>>>

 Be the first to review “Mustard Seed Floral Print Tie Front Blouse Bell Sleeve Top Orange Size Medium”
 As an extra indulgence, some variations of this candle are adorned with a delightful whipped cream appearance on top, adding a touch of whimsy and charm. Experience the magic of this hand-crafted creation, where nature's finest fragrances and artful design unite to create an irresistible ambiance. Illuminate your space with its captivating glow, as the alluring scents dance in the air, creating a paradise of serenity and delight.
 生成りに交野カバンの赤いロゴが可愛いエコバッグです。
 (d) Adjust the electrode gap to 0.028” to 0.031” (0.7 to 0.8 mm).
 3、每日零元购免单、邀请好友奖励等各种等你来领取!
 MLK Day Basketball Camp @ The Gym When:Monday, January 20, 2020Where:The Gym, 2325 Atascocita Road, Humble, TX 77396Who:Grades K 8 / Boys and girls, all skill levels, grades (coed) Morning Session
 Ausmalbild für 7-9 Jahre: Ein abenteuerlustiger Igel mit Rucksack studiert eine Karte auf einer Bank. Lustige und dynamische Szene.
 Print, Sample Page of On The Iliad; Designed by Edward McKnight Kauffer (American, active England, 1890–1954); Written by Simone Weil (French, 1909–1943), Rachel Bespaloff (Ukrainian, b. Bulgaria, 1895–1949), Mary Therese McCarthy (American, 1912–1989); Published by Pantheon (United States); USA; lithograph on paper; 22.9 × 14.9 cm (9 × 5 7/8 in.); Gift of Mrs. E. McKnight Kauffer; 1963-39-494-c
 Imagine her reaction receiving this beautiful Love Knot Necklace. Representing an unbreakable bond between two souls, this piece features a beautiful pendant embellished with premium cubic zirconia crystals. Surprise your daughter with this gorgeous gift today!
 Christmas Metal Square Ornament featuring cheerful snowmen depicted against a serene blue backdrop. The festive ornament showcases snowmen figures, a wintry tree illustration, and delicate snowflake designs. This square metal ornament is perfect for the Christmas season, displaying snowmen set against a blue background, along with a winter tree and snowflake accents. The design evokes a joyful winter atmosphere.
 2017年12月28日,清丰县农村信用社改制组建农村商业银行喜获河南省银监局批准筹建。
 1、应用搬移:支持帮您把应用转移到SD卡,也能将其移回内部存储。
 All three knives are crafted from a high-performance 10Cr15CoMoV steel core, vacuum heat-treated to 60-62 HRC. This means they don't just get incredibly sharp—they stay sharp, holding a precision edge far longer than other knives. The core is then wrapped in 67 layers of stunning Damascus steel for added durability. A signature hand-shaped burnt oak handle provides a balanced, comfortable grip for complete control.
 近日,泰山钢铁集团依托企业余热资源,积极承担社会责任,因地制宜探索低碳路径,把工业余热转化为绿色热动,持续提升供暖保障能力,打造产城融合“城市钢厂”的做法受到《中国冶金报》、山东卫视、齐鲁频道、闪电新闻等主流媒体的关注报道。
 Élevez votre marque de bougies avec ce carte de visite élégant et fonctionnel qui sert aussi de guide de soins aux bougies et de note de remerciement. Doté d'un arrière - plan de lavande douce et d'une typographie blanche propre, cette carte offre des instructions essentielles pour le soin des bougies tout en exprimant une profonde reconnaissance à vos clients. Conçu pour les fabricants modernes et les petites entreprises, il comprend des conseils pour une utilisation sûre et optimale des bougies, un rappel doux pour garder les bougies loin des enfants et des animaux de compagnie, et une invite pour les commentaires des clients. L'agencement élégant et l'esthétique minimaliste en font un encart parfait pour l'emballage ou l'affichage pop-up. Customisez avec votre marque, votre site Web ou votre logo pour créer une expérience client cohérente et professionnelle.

<<<

Beginning with the line above that contains "MLK Day Basketball", copy each line exactly up to and including the line that contains "Ausmalbild für 7-9", and go no further.

● **Result below**
 MLK Day Basketball Camp @ The Gym When:Monday, January 20, 2020Where:The Gym, 2325 Atascocita Road, Humble, TX 77396Who:Grades K 8 / Boys and girls, all skill levels, grades (coed) Morning Session
 Ausmalbild für 7-9 Jahre: Ein abenteuerlustiger Igel mit Rucksack studiert eine Karte auf einer Bank. Lustige und dynamische Szene.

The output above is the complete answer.